Novo presidente da comissão que vai analisar proposta defende que texto original, do senador Romero Jucá, seja aprovado rapidamente, apesar do autor ter pedido seu arquivamento.

Os ruralistas lançaram mais uma frente de pressão para abrir as Terras Indígenas (TIs) aos grandes empreendimentos econômicos. Nesta semana, foi reinstalada a Comissão Especial da Câmara que vai analisar o Projeto de Lei (PL) 1.610/1996, sobre mineração nessas áreas. O deputado Índio da Costa (PSD-RJ) foi eleito presidente do colegiado e Édio Lopes (PMDB-RR) foi reconduzido ao cargo de relator.

A comissão é dominada pelos ruralistas.
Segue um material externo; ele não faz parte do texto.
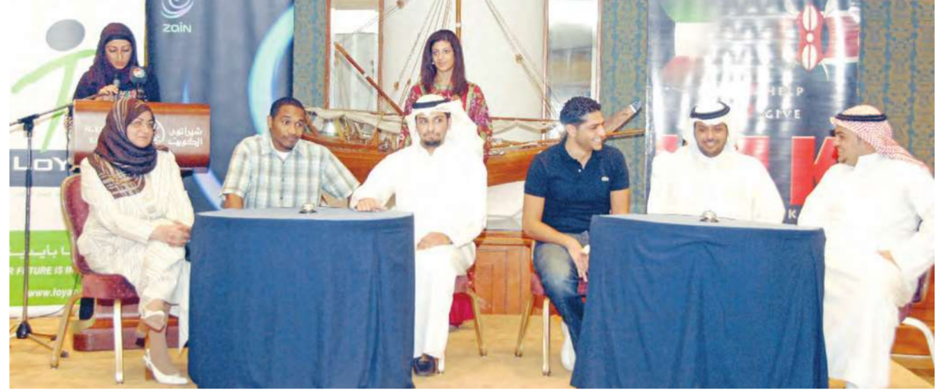
فريقا كويت وكينيا يتنافسان في المسابقة الثقافية

Todos são membros da Frente Parlamentar da Agropecuária e os dois últimos fazem parte da Comissão Especial que analisa a Proposta de Emenda Constitucional (PEC) 215/2000. A PEC transfere do Executivo para o Congresso a prerrogativa de oficializar TIs, territórios quilombolas e unidades de conservação. Na prática, se aprovada, a medida paralisará de vez a regularização dessas áreas protegidas.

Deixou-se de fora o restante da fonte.